Ian looked her up and down again. “You
are
the goddamned limit! Who could ever dream up a human being like you! So you’re chummy with my wife, are you?”

“I like your wife. Sally and she have been very nice. Sometimes, though, it does make me feel awful when I look at her and think of what I did.”

“You don’t mean that.”

“Yes, I do. And then sometimes, I don’t.”

“I’m not going to see you anymore,” he said. “Ever. You understand that, I hope.”

“But you’ll have to, won’t you? I’m in the family.”

“No. The men see each other every day at the office, and the women can do what they want. We don’t need to meet at night. It comes down to only three times a year, Thanksgiving, Christmas, and Father’s birthday. I guess we can manage those.”

“I’m sure we can.”

“So long, Roxanne.”

“So long.”

For a minute or two, she watched his car go
down the driveway and pass out of sight. Then she turned around and went into the house to bake the chocolate cake.
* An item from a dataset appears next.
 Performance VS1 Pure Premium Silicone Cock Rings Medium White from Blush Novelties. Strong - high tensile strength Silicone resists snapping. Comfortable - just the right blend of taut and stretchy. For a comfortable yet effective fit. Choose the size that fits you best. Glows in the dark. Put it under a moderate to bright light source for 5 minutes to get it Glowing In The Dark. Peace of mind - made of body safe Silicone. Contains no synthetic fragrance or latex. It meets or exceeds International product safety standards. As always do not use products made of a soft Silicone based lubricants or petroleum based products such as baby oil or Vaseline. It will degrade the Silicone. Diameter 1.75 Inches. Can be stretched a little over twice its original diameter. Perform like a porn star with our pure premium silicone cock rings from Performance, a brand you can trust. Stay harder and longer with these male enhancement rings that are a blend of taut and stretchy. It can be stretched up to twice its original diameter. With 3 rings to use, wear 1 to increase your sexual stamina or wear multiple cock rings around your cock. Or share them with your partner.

He asked himself how he would describe his feelings if he had to. They were a sickening meld of outrage, quiet disgust, and sadness. To think of that sweet flesh, pink as a melon or a peach, to think of all that vitality in Clive Grey’s meager arms. It was a physical agony. And with his right fist, Ian pounded the dashboard.
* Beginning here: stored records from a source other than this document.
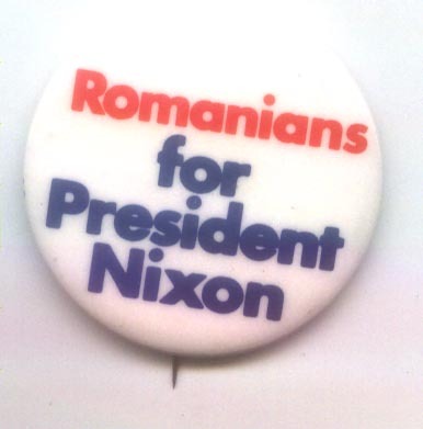 Romanians for Pres Nixon Official '72 button V McGovern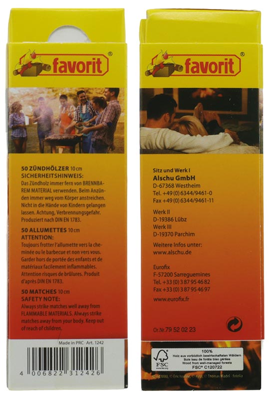 Safety matches 10cm long, 50 pieces 100% FSC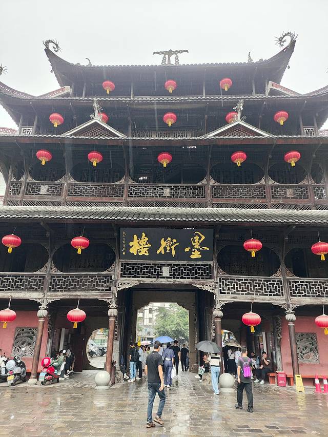 大门进入之后回头看。恩施土司城,又称墨冲楼,高25米,宽12米,纯榫卯结构木楼,由苏州园林设计院设计,地方民间艺人承建。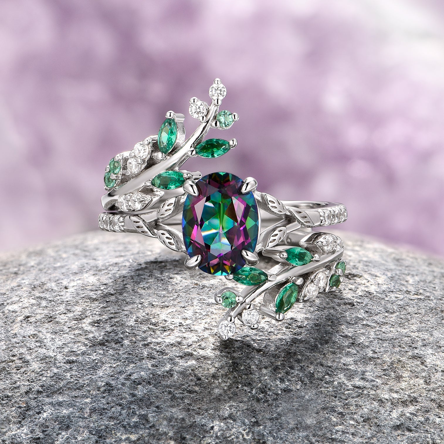 A stunning sterling silver band featuring a vibrant Mystic Topaz gemstone, renowned for its mesmerizing, ever-changing rainbow hues. The delicate leaf motifs, accented with shimmering emerald stones, evoke the beauty of a blooming forest, symbolizing growth, love, and new beginnings.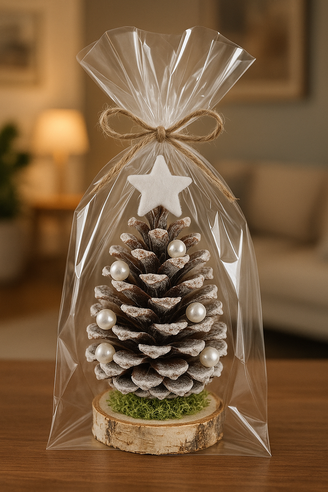 Weihnachtsdekoration, Tannenzapfen mit Perlen auf Holzsockel 8-20 cm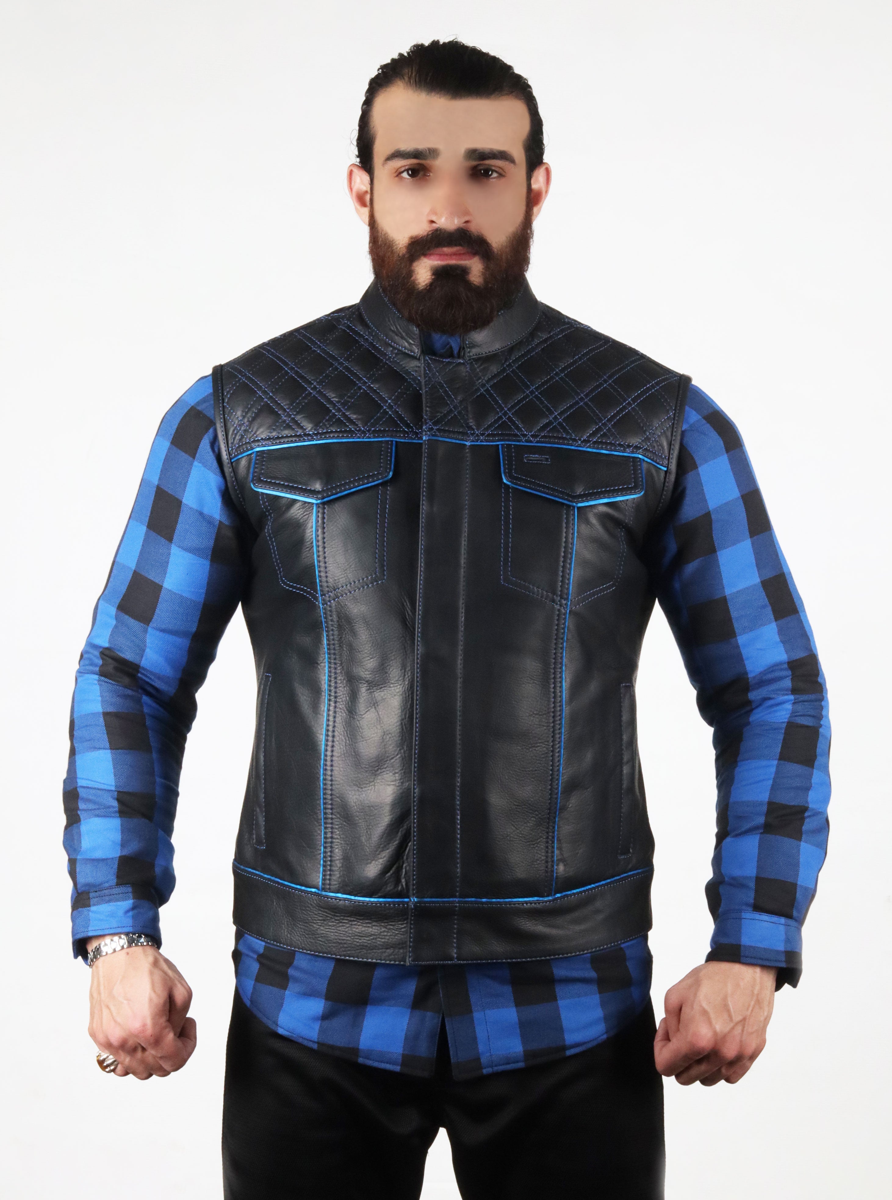 Engineered for performance and designed with precision, this men’s black and blue motorcycle vest is the perfect fusion of rugged functionality and contemporary style. Constructed from premium-grade leather, the vest features deep blue accents and contrast stitching that highlight its sleek, structured profile. The diamond-quilted pattern across the shoulders enhances both durability and visual appeal, making it a standout choice for discerning riders.

It was wrong, though, to rage at Clive, who was as much a victim as he was. Rage at the victimizer instead, the infuriating victimizer in her white shorts and halter, now safely ensconced in her nest of luxuries.

I like your wife.
The gall, the unbelievable gall! Clive said they met at the riding academy. She knew where to find him, all right. Damn her, she must have memorized every casual remark I ever made. She has all the qualities of a great CEO, the spunk, the ingenuity, the determined drive. And what a lover, besides. And what an actress. She has Clive enchanted. He’s actually been born again, the dour little man who used to hunch over his desk, who now struts, whistling, down the corridor. In the men’s room, they tell jokes about him, the kind of jokes you hear at bachelor parties the night before the wedding.

Yes, she would pull it off, he thought. As she said, she’d made her bargain. She’d slip right into the family and the life, and nobody would be any
the wiser. Except himself. And he would keep a thousand miles away from her. She was poison. The most delicious poison … And again, he struck the dashboard.
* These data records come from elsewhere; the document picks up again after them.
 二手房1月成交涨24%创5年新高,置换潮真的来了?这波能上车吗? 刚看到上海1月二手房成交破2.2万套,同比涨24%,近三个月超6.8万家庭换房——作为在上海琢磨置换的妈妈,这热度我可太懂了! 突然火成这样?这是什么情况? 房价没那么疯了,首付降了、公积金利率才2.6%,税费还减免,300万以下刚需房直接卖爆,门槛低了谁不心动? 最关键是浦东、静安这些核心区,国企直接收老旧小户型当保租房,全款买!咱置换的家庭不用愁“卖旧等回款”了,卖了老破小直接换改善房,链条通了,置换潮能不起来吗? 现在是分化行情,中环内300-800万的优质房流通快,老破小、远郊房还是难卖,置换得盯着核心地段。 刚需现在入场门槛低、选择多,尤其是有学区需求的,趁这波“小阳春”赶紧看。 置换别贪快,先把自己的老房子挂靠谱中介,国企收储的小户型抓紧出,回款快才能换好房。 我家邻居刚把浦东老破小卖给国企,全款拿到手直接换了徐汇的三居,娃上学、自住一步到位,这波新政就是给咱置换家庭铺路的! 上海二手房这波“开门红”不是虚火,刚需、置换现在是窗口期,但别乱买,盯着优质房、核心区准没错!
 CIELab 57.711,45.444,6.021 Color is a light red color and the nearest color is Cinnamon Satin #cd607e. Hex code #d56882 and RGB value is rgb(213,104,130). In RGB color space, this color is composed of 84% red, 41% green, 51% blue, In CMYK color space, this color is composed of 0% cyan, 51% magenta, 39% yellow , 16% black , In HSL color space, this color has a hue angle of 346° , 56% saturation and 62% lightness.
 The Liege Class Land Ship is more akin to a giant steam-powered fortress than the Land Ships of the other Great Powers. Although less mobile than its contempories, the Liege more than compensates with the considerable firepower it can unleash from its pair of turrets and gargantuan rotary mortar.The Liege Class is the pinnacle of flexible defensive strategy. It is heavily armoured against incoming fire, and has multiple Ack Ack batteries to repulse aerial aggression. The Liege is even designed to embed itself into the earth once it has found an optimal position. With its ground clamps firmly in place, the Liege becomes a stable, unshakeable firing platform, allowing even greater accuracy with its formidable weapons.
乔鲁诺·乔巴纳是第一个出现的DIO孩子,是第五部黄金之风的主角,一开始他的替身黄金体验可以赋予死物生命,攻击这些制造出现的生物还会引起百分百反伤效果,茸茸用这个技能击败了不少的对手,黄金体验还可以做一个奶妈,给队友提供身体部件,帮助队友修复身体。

He had almost reached the crossroad leading to his own house, when he had a vision of Happy. He seemed to see her face on the other side of the windshield, hovering there ahead of him with the most lovely expression, that small smile about her eyes that was so familiar. And he thought of her being “nice” to Roxanne, all innocently being “nice,” all ignorant of her own humiliation before the other woman.

And yet, was it not he rather than Happy who had been humiliated?

Sweating now, he removed his jacket and turned the car around, heading back to the suburban shopping center, where he remembered there was a flower shop. There he ordered two dozen roses.

“Those?” he questioned. “Those little pink ones?”

“Apricot,” the old man said. “Old-fashioned, very fragrant.”